-------- Stored data

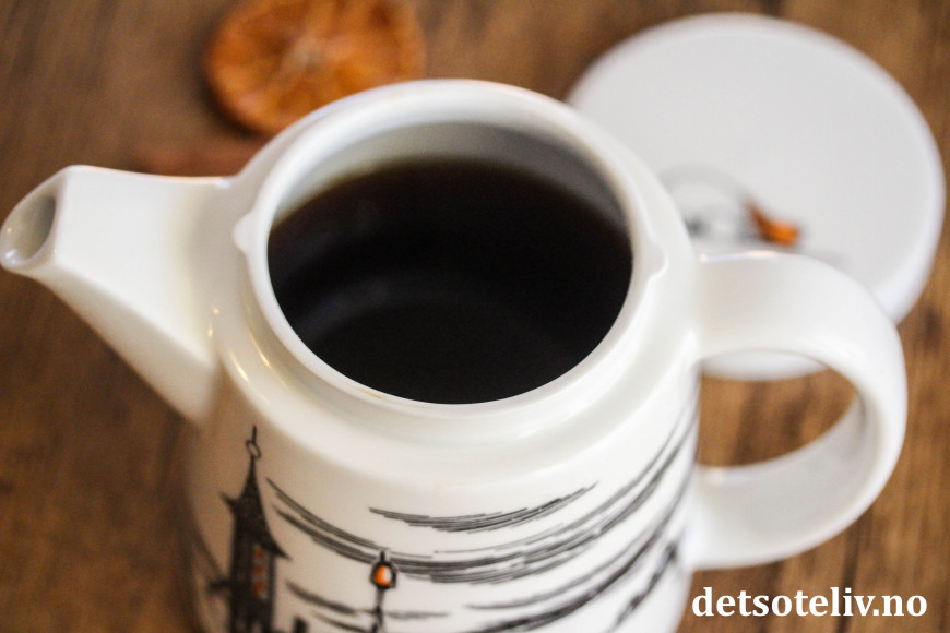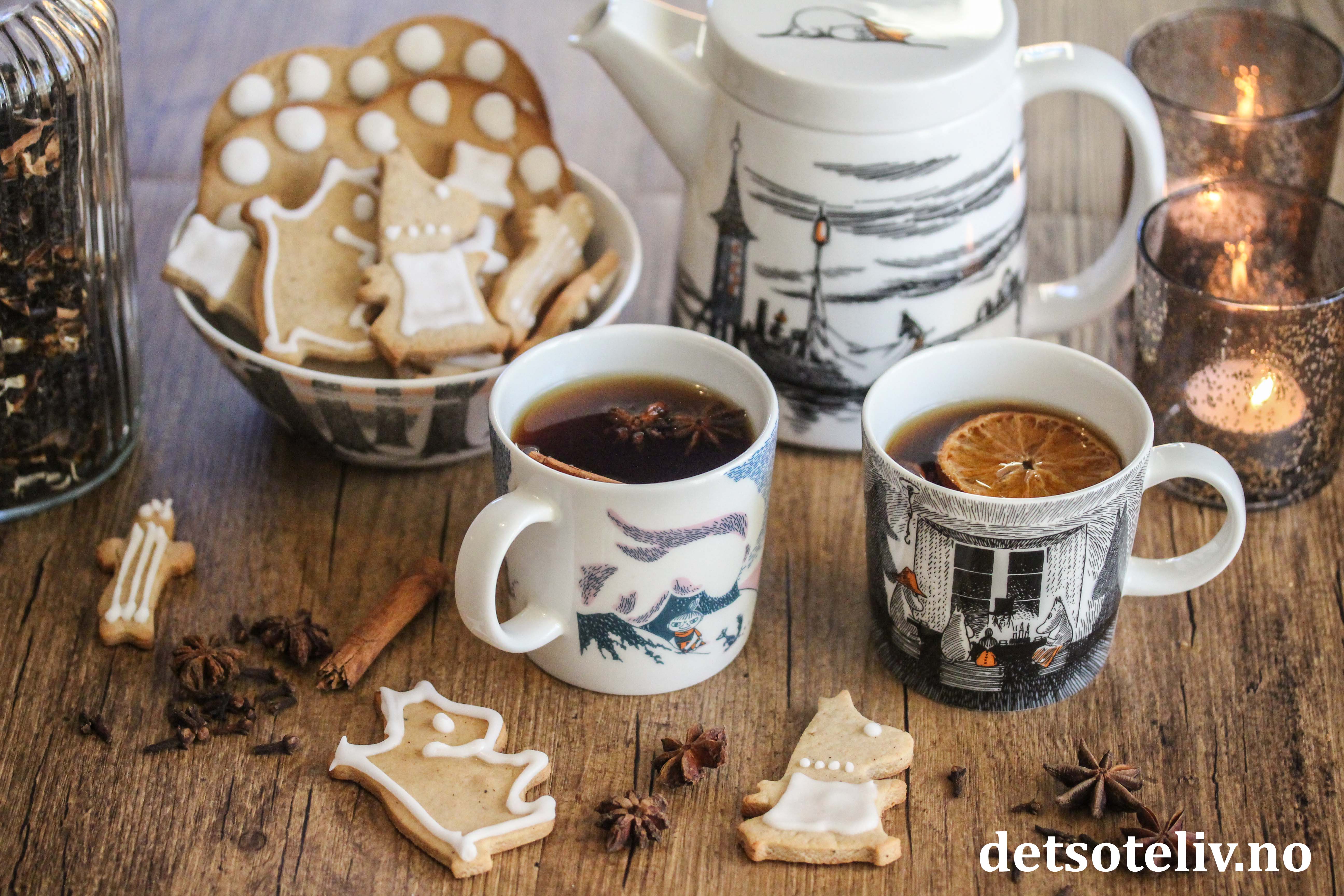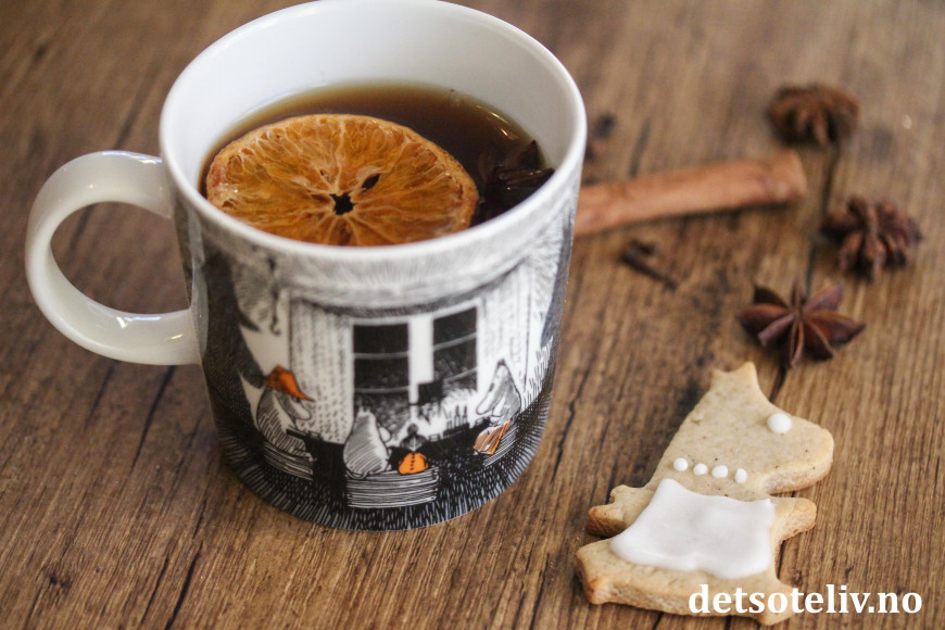 Ha gjerne noen ekstra hele krydder og tørkede klementinskiver i tekoppen.
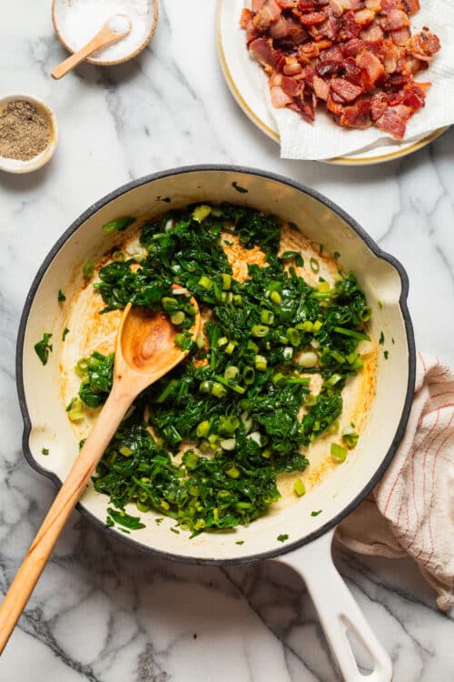 - Working in batches, add spinach, and cook, stirring occasionally, until wilted and excess liquid has evaporated, about 5 minutes. Stir in green onions; remove from heat.
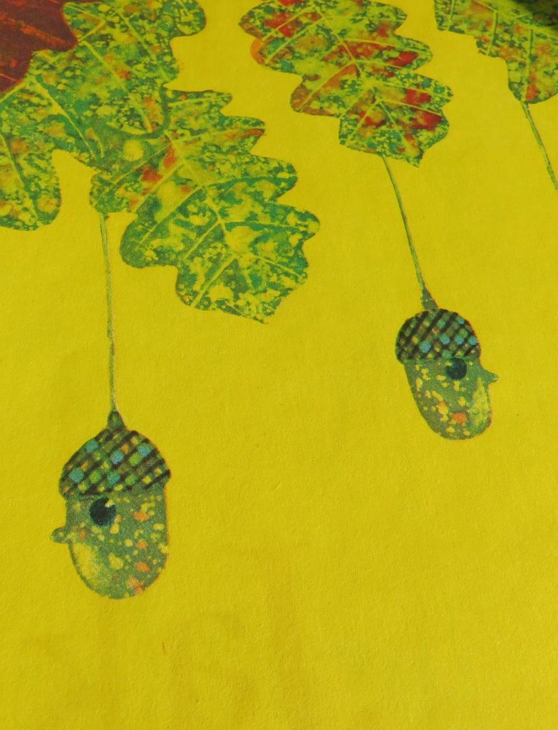 Na cca 30. stránkách si tenhle malý chlapec pohraje se všemi možnými plody podzimu. Žaludy, kaštany, šípky, jeřabinky a šišky….
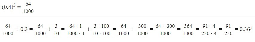 0,4³+0,3=0,4*0,4*0,4+0,3=0,064+0,3= 0,364
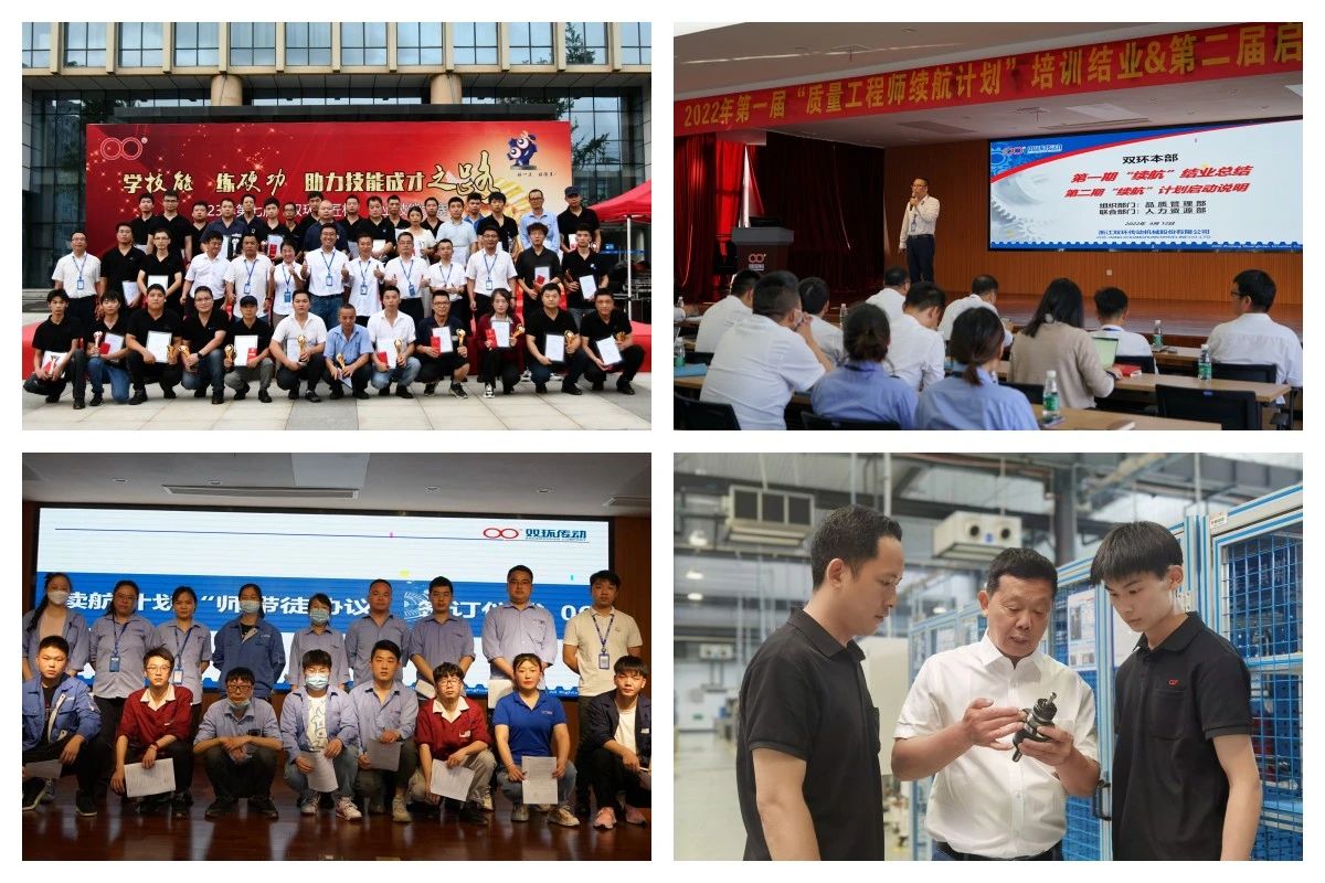 同時,雙環傳動高度重視工匠精神的傳承,一方面通過開展雙環工匠評選,弘揚工匠文化,鼓勵雙環工匠在著力打造雙環品牌的同時成就自身價值;一方面秉承“德才兼備,以德為先;知人善任,人盡其才”的人才發展理念,積極打造師帶徒傳承文化,充分調動內外部培訓資源,推進全員師帶徒機制建立。通過人力資源、技術等部門的合作,積極推進工匠傳承培養機制,實現技藝傳承,搭建起學習交流、資源共享、合作發展、成果展示“四大平臺”。
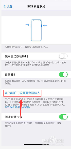 在告急联络中点击在健康中设置告急联络人,如下图所示
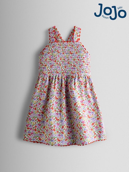 JoJo Maman Bébé Pink Strawberry Smocked Strappy Dress

----------------

What you have to do: Once the line holding "0,4³+0,3=0,4*0" is found, set it down along with every line after it through the end of the entries, exactly, leaving the pictures out.

Output for this task:
 0,4³+0,3=0,4*0,4*0,4+0,3=0,064+0,3= 0,364
 同時,雙環傳動高度重視工匠精神的傳承,一方面通過開展雙環工匠評選,弘揚工匠文化,鼓勵雙環工匠在著力打造雙環品牌的同時成就自身價值;一方面秉承“德才兼備,以德為先;知人善任,人盡其才”的人才發展理念,積極打造師帶徒傳承文化,充分調動內外部培訓資源,推進全員師帶徒機制建立。通過人力資源、技術等部門的合作,積極推進工匠傳承培養機制,實現技藝傳承,搭建起學習交流、資源共享、合作發展、成果展示“四大平臺”。
 在告急联络中点击在健康中设置告急联络人,如下图所示
 JoJo Maman Bébé Pink Strawberry Smocked Strappy Dress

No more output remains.